• Records:

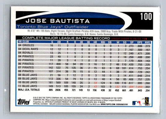 2012 Topps #100a Jose Bautista Toronto Blue Jays
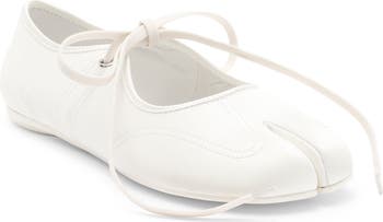 Split-toe detailing and wraparound laces bring a contemporary look to this Mary Jane flat designed for flexible, close-to-the-foot wear.
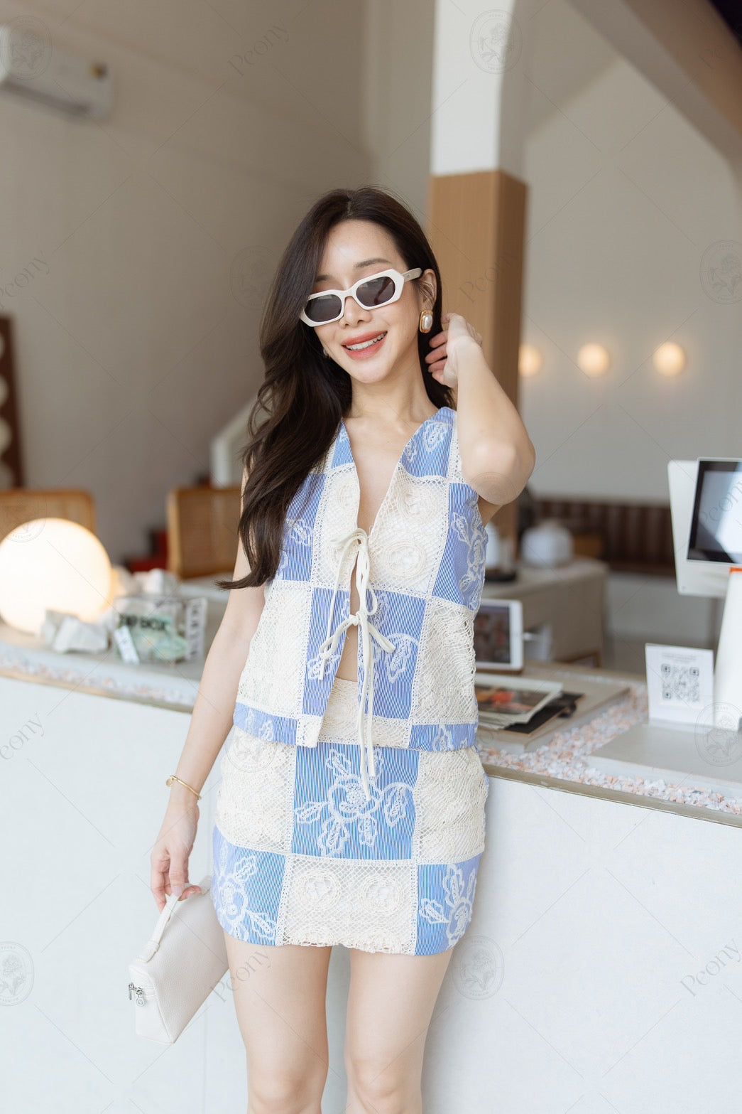 🤍 This refined two-piece ensemble is meticulously crafted from a specially woven, high-quality fabric that offers both structure and elegance. The top features a graceful V-neckline with a front tie detail, designed to enhance the silhouette with understated femininity. It is thoughtfully paired with a coordinated short skirt, creating a polished and cohesive look. Both pieces may also be styled separately, offering versatile wardrobe options with enduring sophistication.
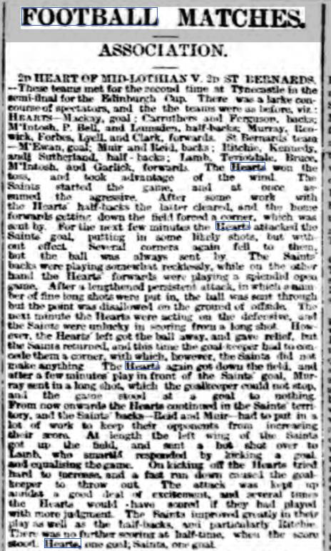 | Sat 21 Jan 1888 Mossend Swifts 3 Hearts 1 | |||||||
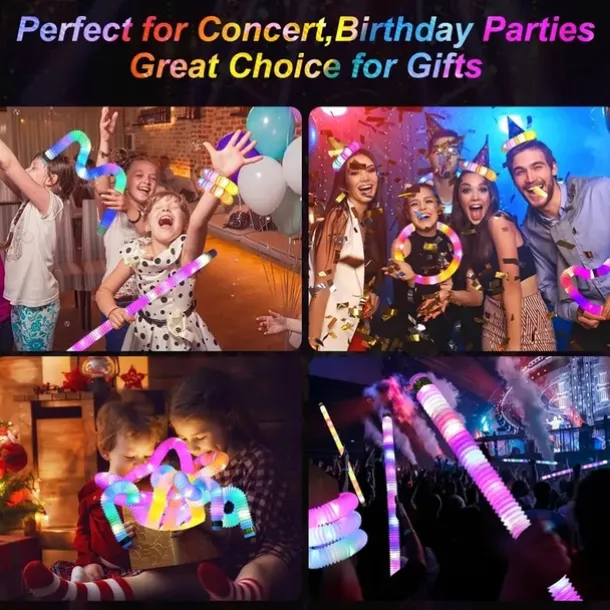 5/10/12pcs LED Jumbo Light Up Pop Fidget Tubes – Large Glow Sticks for Party Supplies and Stress Relief
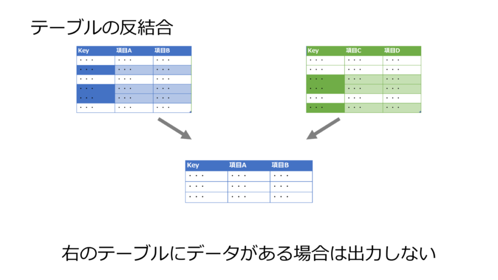 結合元のキー列が(’A’, ‘B’, ‘C’)で、結合させる側のキー列が(’B’)の場合は、出力は(’A’,’C’)となります。
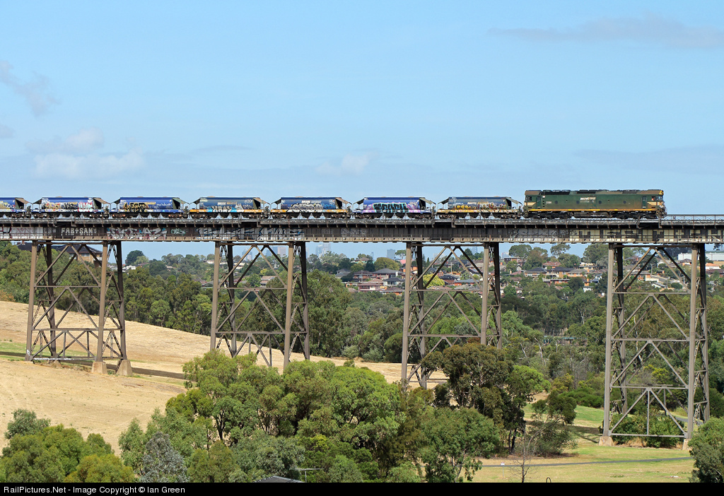 G528 eases 9318 up quarry freight from Kilmore East across the Moonee Ponds Creek viaduct near Glenroy.
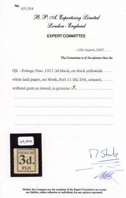 Postage Due. 1917 3d black on thick laid paper, unused without gum as issued, a fine example. Only 1116 issued, most of which were used. BPA cert (2007). SG D4, cat £650
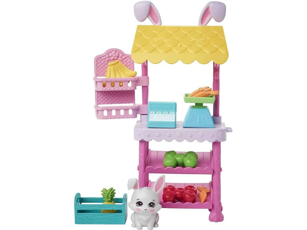 Consigue este completo set que incluye todo lo que necesitas para disfrutar de tu propio mercado rural, lleno de los productos naturales más frescos y de la zona. Ayuda a la mágica Bunny y su inseparable mascota en el montaje del mercado, los clientes están a punto de llegar a por sus frutas y verduras preferidas.
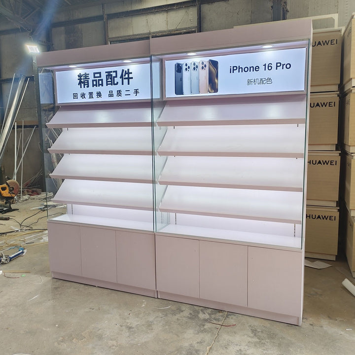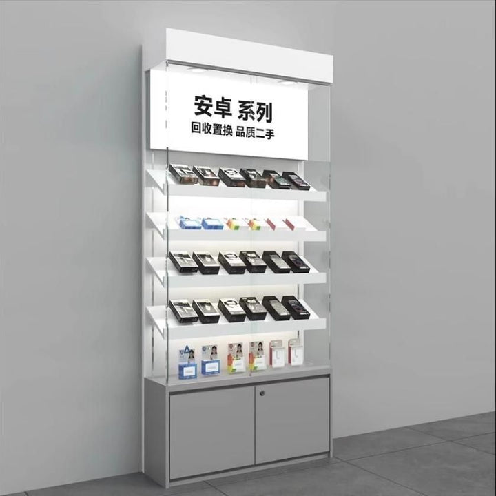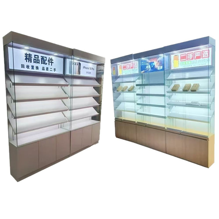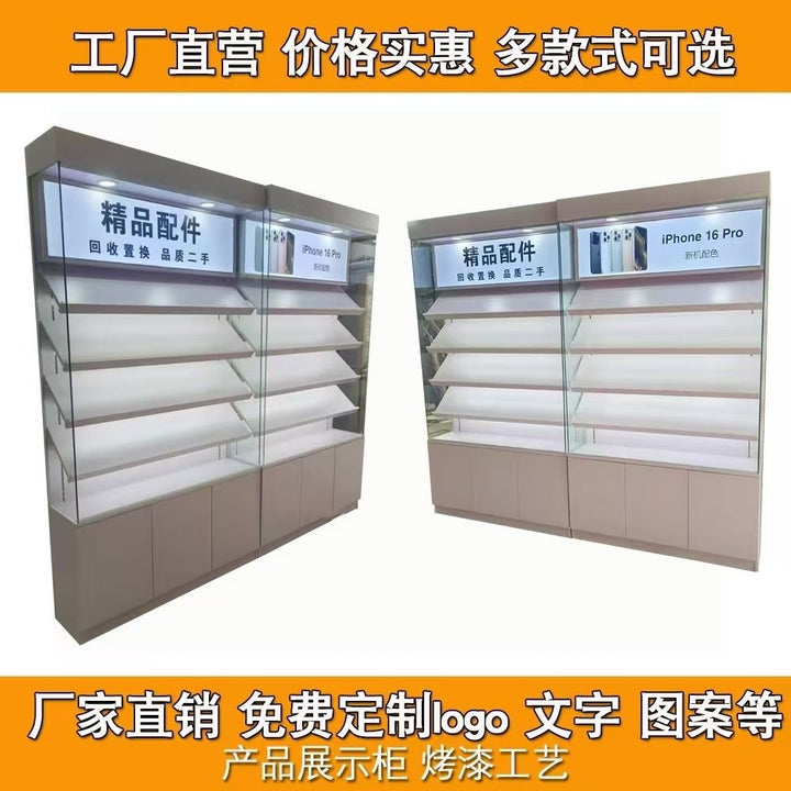 New mobile phone accessories cabinet Apple display cabinet pat strictly selected glass counter against the wall digital shelf high cabinet
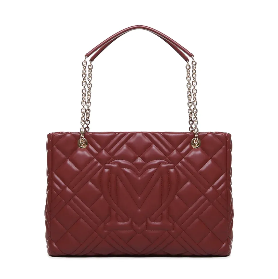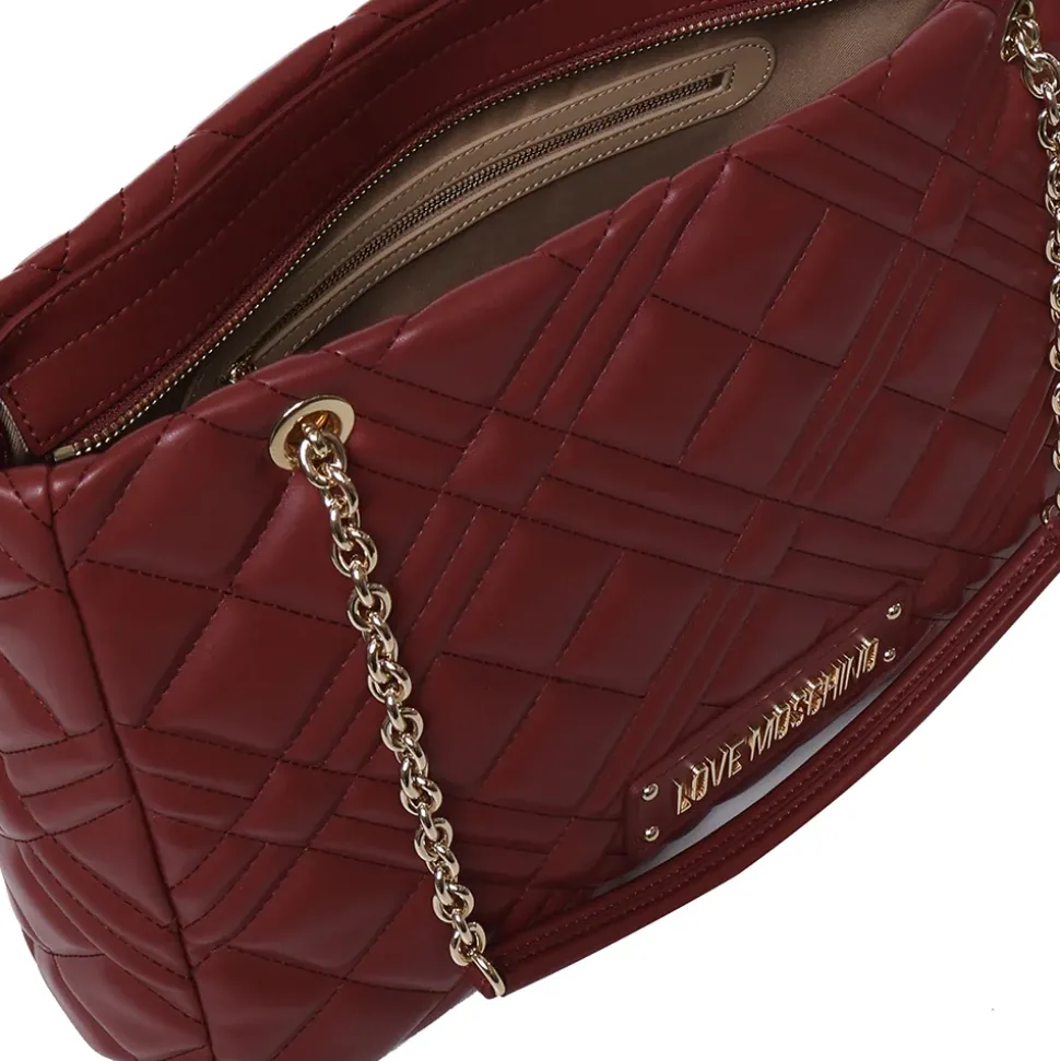 Borsa a spalla in ecopelle trapuntata Love Moschino linea Quilted bordeaux.
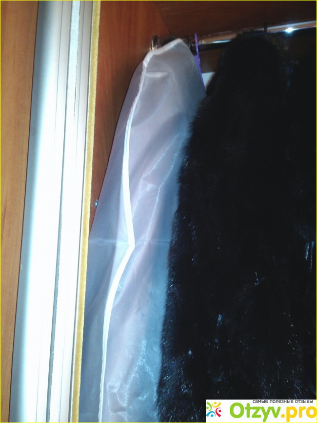 Вот так шубка, одетая в чехол, выглядит в моём шкафу. Так намного удобнее - шубка стала реально занимать на треть меньше места. Заказала себе ещё два чехла, но уже разноцветных. Постепенно планирую для каждой зимней громоздкой вещи прикупить такой вот чехольчик, думаю, удастся таким образом значительно расширить место в шкафу для новых покупок.
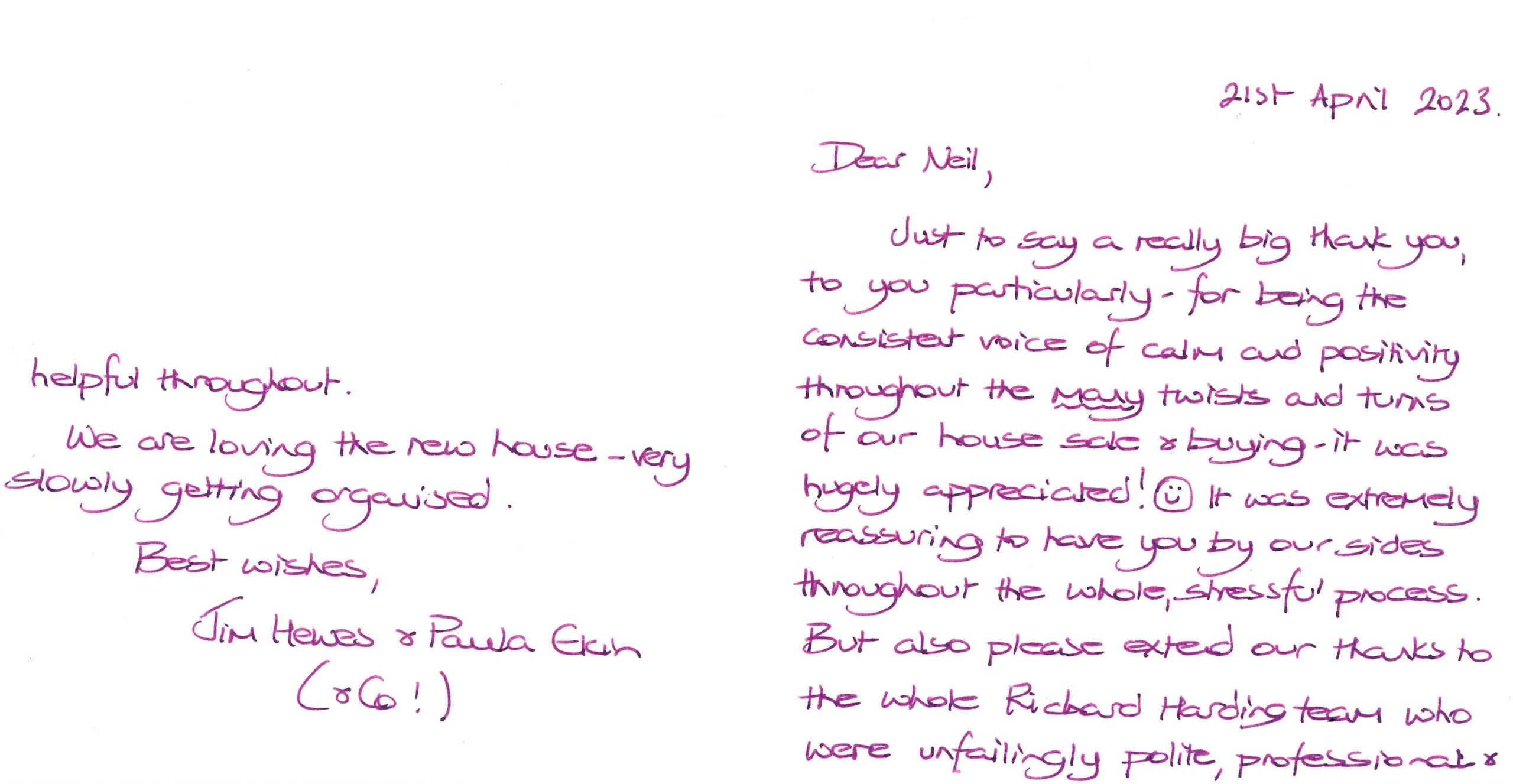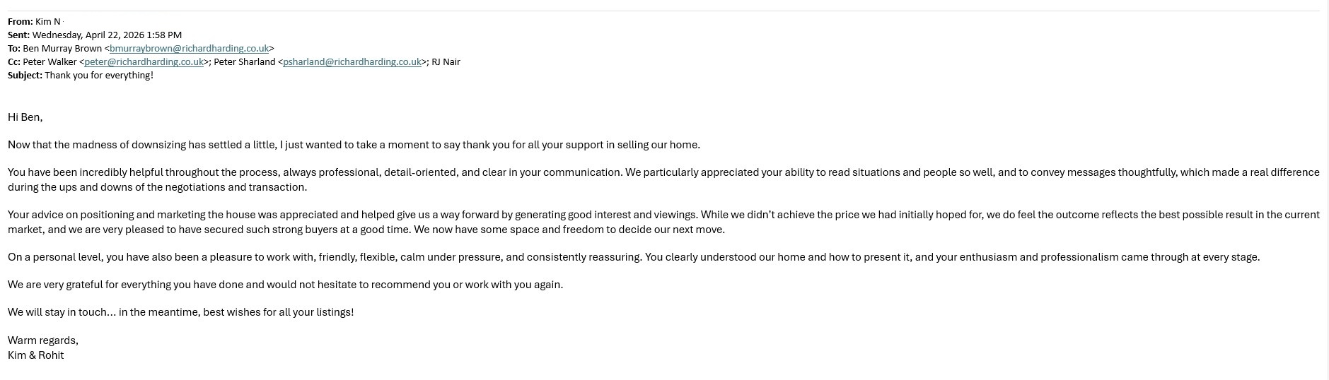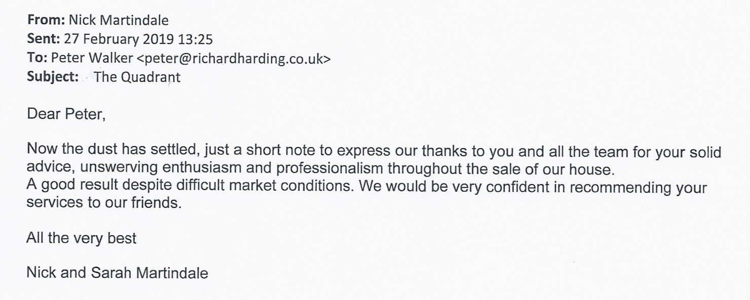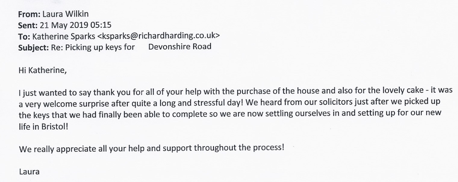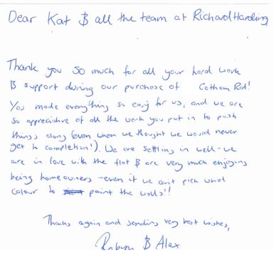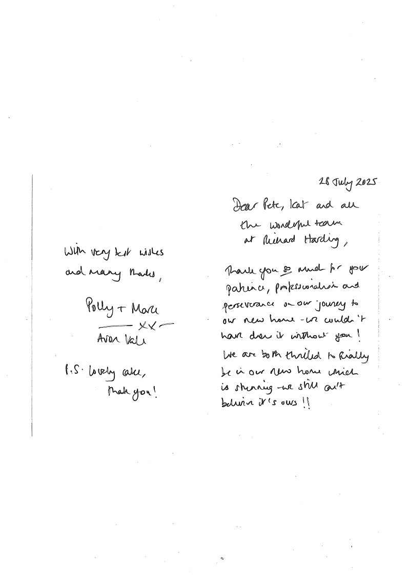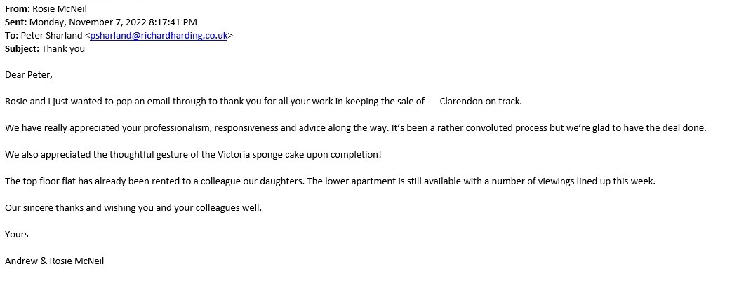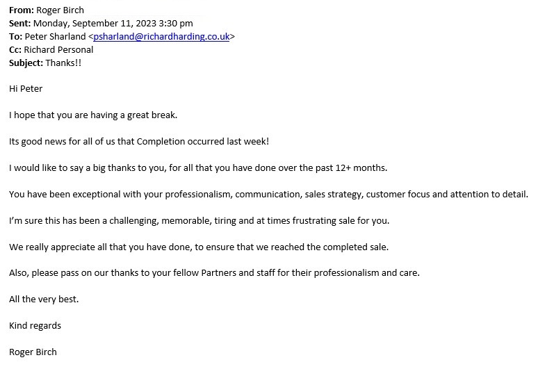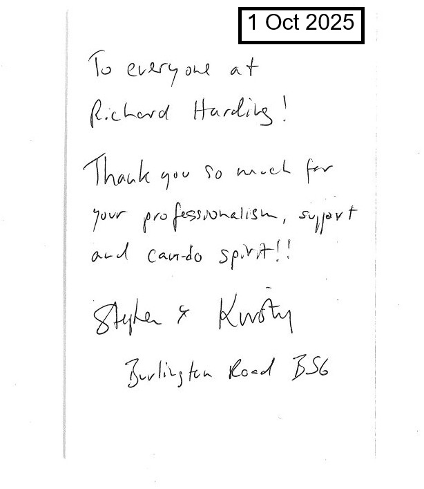 You are welcome to inspect any of the original letters, cards and emails which are held on file in our office or speak to any one of our clients – with their permission – regarding their personal experience of moving with Richard Harding. These testimonials date from the present back to our early years so that you can see we have consistently maintained high standards.
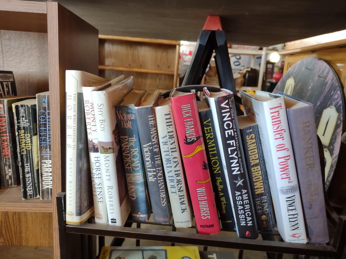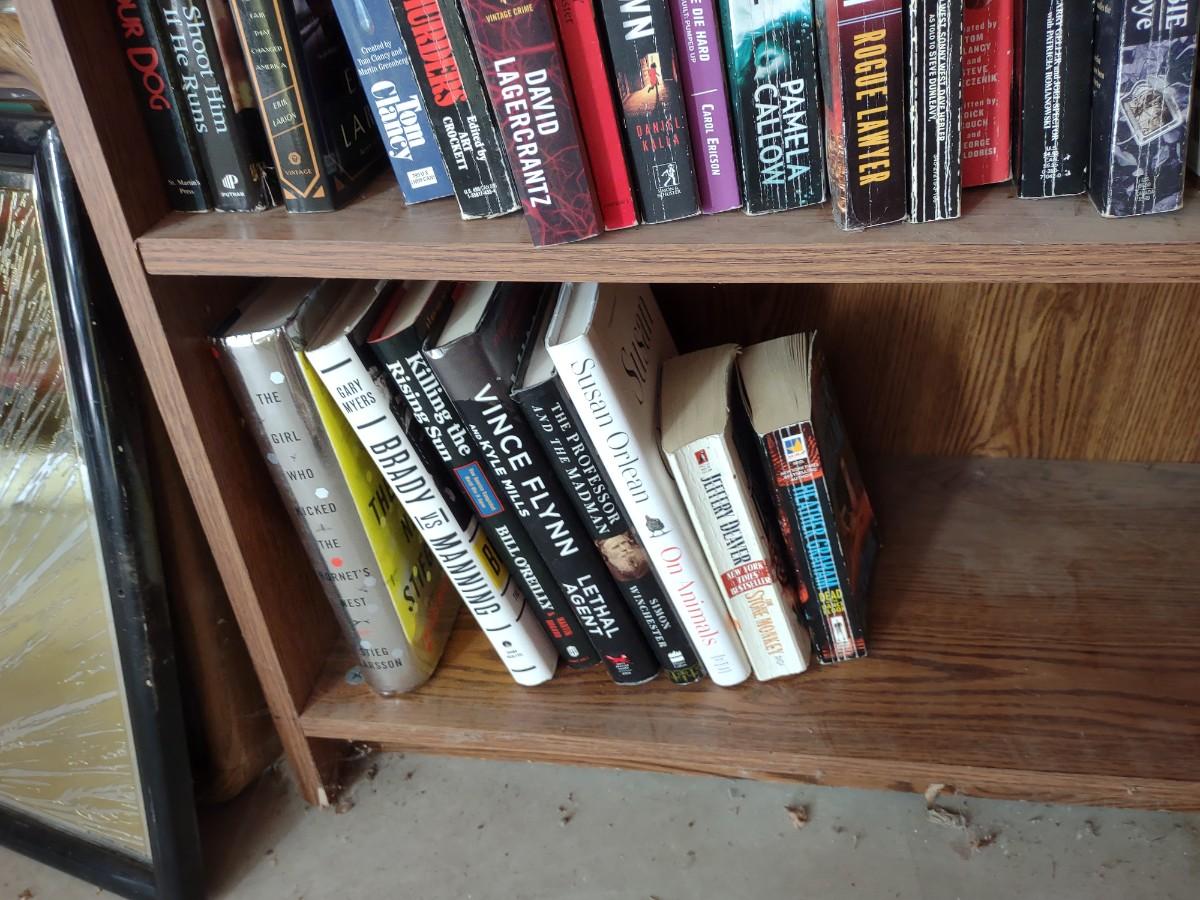 AN ASSORTMENT OF BOOKS AND 2 SMALLER BOOKCASES

• The problem: Your answer is the exact run of lines above from the one with "結合元のキー列が(’A’, ‘B’, ‘C’)で、結合させる側のキー列が(’B’)の場合は、出力は(’A’,’C’)となります。" through the one with "New mobile phone", both ends included, minus any picture.

• Solution:
 結合元のキー列が(’A’, ‘B’, ‘C’)で、結合させる側のキー列が(’B’)の場合は、出力は(’A’,’C’)となります。
 G528 eases 9318 up quarry freight from Kilmore East across the Moonee Ponds Creek viaduct near Glenroy.
 Postage Due. 1917 3d black on thick laid paper, unused without gum as issued, a fine example. Only 1116 issued, most of which were used. BPA cert (2007). SG D4, cat £650
 Consigue este completo set que incluye todo lo que necesitas para disfrutar de tu propio mercado rural, lleno de los productos naturales más frescos y de la zona. Ayuda a la mágica Bunny y su inseparable mascota en el montaje del mercado, los clientes están a punto de llegar a por sus frutas y verduras preferidas.
 New mobile phone accessories cabinet Apple display cabinet pat strictly selected glass counter against the wall digital shelf high cabinet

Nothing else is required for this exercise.